Turkish newspapers say a deal is in the works. Will there be reciprocity from Greece? When President Obama was in Turkey, there were reports that “the recognition by Greek authorities of muftis in Thrace and financial support for Muslim schools might prompt a Turkish rethink on the Halki school.” Here is the story from Hurriyet, the Turkish newspaper:
ANKARA – The Halki seminary on the island of Heybeliada is to be reopened, Culture Minister Ertuğrul Günay said, adding that they are searching for a formula to integrate the Orthodox theological school into Turkey’s university system. “Although we have not finalized a decision in the Cabinet, my personal impression is that we are going to open the seminary,” said Günay, speaking on Kanal 24 television over the weekend.
Recalling that the functioning of the Halki seminary is not compatible with the Turkish university system, Günay maintained that work is underway to find a formula for its status.

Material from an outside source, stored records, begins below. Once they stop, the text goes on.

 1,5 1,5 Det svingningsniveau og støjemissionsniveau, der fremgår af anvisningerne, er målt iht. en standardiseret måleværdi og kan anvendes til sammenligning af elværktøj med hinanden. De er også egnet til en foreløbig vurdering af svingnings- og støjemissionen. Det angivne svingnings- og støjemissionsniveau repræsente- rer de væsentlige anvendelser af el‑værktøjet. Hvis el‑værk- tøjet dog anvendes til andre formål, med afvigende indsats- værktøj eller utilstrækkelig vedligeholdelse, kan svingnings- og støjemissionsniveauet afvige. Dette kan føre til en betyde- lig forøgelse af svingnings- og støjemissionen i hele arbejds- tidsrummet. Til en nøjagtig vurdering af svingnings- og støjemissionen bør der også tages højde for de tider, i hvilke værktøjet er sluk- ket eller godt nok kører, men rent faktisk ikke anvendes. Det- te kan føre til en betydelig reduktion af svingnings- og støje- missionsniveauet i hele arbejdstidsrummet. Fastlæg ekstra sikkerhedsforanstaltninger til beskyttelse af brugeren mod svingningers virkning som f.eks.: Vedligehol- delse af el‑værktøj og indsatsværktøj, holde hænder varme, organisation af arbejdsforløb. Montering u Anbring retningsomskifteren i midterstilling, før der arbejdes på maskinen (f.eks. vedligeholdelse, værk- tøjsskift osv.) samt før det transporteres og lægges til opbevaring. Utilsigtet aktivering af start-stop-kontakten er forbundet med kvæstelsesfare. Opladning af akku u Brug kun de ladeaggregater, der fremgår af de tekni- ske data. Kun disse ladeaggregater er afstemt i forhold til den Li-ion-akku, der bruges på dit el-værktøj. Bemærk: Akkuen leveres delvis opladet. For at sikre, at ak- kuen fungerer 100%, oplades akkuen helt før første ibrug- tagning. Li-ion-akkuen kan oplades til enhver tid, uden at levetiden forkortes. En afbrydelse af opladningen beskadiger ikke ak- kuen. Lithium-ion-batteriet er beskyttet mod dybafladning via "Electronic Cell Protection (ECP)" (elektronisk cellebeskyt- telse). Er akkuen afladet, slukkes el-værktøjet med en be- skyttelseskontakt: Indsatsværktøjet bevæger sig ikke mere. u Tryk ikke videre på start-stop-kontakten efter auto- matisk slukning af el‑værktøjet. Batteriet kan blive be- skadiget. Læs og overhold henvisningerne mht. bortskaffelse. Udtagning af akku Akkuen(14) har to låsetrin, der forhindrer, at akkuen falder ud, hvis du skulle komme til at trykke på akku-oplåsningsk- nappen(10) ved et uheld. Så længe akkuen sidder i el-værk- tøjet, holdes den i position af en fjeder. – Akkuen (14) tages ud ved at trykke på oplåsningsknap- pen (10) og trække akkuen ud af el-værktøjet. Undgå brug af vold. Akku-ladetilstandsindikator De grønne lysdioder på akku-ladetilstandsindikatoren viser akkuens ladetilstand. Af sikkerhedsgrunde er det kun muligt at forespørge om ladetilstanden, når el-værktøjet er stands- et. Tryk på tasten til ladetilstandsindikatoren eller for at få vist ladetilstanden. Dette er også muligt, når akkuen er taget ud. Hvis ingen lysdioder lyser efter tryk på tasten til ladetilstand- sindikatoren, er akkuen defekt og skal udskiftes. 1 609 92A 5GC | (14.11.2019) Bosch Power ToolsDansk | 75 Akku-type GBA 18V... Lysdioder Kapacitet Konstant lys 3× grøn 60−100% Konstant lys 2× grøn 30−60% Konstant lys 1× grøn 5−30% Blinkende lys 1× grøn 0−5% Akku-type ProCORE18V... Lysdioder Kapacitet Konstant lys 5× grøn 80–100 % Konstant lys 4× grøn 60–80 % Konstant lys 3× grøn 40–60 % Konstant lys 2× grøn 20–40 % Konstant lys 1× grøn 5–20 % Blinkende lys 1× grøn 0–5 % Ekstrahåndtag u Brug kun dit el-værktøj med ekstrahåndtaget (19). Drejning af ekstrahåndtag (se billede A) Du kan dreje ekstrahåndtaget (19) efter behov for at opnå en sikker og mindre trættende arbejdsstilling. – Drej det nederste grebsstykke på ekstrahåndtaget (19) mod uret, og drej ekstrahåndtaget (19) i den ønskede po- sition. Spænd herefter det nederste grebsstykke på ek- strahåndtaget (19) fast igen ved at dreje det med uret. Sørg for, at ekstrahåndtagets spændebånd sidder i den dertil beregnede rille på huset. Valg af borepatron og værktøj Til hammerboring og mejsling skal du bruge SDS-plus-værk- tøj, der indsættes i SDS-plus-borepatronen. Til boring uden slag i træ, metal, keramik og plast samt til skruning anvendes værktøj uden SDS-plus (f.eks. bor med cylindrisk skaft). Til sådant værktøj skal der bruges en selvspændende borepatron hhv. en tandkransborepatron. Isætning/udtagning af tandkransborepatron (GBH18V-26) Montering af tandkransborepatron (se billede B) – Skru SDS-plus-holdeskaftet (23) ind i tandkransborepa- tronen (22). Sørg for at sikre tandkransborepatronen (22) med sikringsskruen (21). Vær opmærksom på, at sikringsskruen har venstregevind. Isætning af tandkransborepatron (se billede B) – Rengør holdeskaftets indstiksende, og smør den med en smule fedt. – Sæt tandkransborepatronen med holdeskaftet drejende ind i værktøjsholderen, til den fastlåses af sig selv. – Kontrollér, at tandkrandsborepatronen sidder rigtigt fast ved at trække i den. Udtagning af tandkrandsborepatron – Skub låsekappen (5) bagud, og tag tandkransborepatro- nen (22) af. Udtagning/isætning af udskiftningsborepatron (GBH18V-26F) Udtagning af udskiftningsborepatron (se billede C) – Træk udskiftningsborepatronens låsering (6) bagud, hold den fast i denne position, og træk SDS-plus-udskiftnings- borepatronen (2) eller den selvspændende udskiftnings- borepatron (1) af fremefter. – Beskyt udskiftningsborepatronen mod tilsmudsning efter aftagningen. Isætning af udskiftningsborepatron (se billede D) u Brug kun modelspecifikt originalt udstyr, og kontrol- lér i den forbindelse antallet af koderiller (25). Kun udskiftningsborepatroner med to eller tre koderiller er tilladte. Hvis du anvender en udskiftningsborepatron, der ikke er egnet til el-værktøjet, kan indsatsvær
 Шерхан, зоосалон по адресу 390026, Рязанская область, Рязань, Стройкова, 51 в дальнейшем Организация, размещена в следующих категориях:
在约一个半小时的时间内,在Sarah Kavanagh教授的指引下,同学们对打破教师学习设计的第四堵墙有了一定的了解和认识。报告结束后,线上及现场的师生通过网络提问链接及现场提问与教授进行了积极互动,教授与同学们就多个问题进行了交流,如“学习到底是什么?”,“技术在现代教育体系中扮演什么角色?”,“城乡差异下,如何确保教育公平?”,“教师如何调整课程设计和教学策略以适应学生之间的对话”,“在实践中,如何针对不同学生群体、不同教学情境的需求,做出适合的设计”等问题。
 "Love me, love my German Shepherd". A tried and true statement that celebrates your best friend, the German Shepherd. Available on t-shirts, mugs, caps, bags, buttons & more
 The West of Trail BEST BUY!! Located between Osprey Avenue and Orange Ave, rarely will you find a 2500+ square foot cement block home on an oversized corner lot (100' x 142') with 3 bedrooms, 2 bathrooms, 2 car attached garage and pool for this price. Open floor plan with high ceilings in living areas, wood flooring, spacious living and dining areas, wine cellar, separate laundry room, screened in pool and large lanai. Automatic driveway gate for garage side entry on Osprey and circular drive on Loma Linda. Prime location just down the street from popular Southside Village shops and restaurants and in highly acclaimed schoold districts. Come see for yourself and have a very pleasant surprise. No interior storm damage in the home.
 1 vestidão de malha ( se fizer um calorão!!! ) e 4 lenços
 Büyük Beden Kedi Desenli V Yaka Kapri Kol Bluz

He explained that the question is whether the seminary would function like a university, which then has to be integrated into the Turkish university system, or if it would function like an autonomous private high school.

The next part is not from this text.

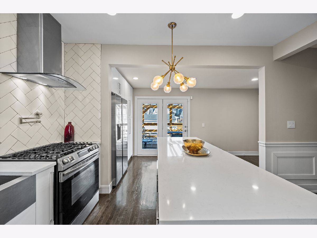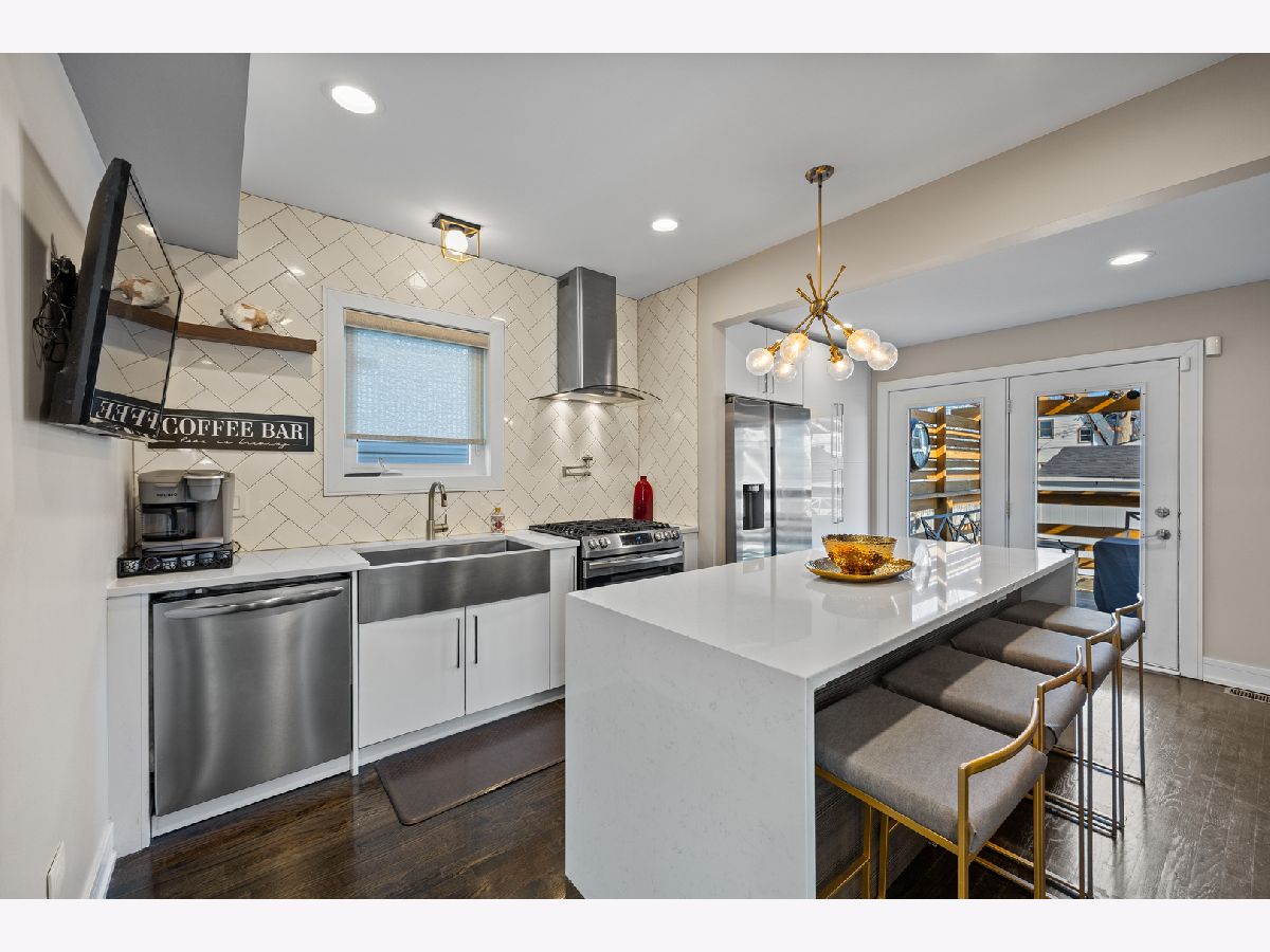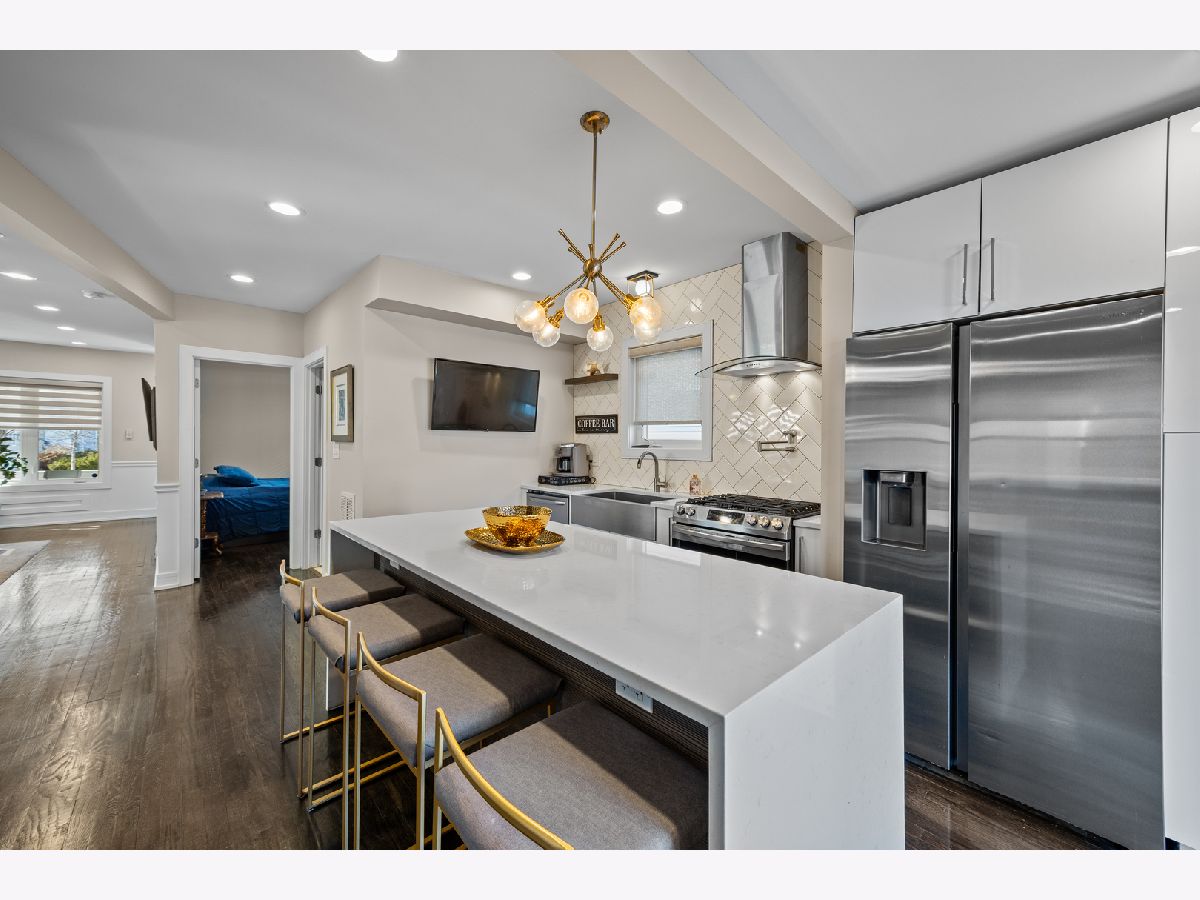 SAUGANASH SCHOOL- Stunning 4 bed / 3 bath Sauganash dream home, fully rehabbed in 2020. This impeccably updated residence showcases refined design, exceptional craftsmanship, and extensive mechanical improvements. At the heart of the home, a true chef's kitchen makes a striking statement, highlighted by a dramatic 4x10 quartz waterfall island, custom cabinetry, stainless steel appliances, and curated designer lighting. The open-concept layout delivers seamless flow for both entertaining and everyday living. The primary suite serves as a private retreat, featuring soaring ceilings and skylight that flood the space with natural light. Custom window treatments and beautifully executed millwork enhance the home's architectural character throughout. A fully finished walkout basement offers versatile additional living space, including a spacious recreation area, stylish dry bar, bedroom, and generous laundry room. Comprehensive upgrades completed during the renovation include new electric, new plumbing, new windows, new roof, updated mechanicals, providing true turnkey confidence. Outdoor living is equally compelling. Custom back deck and pergola right off the kitchen is a true game changer, plus the professionally landscaped backyard features a beautifully designed sitting area with a built-in fire pit and a gorgeous fenced yard, creating a private oasis for relaxation or entertaining. A large garage plus an additional built-in storage shed adds exceptional convenience and storage. Perfectly positioned on a quiet no access street in one of Sauganash's most desirable pockets, offering rare privacy, minimal traffic, and close proximity to parks, forest preserves, dining, shopping and transportation. This is the home you have been waiting for.
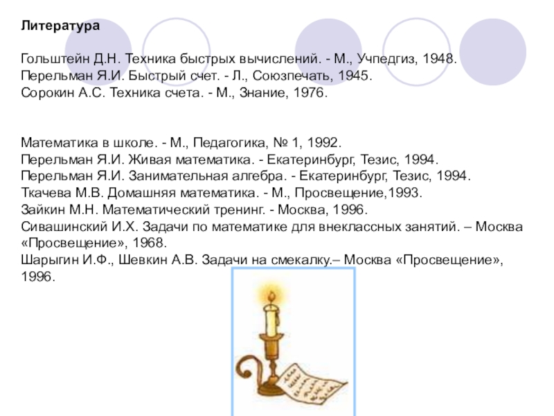 Гольштейн Д.Н. Техника быстрых вычислений. - М., Учпедгиз, 1948.

One of the latest proposals was for the seminary to become a private university under the auspices of a foundation, such as how Koç University was established under the auspices of the Vehbi Koç Foundation. The Heybeliada University would be set up under the Ayatriada Foundation with the patriarch chairing the latter and people with Turkish citizenship making up the rest of the board. However, the patriarch has rejected the idea.
The expectation of the reopening of Halki Seminary, which has been closed since 1971, has been long spelt out by the European Union in the course of entry talks and was lately expressed by U.S. President Barack Obama during his visit to Turkey in April.
State Minister and Chief Negotiator Egemen Bağış said that reopening Halki Seminary was a domestic issue for Turkey, in an interview with the Greek daily Kathimerini, reported the Anatolia News Agency on Sunday.
“Turkey needs to address the religious needs of the Orthodox community as well as Greece needs to address the needs of the Turkish community in Western Thrace. These are domestic matters for both countries,” said Bağış. Although the reciprocity principle is not a must, both countries must tackle the problems simultaneously Bağış underlined.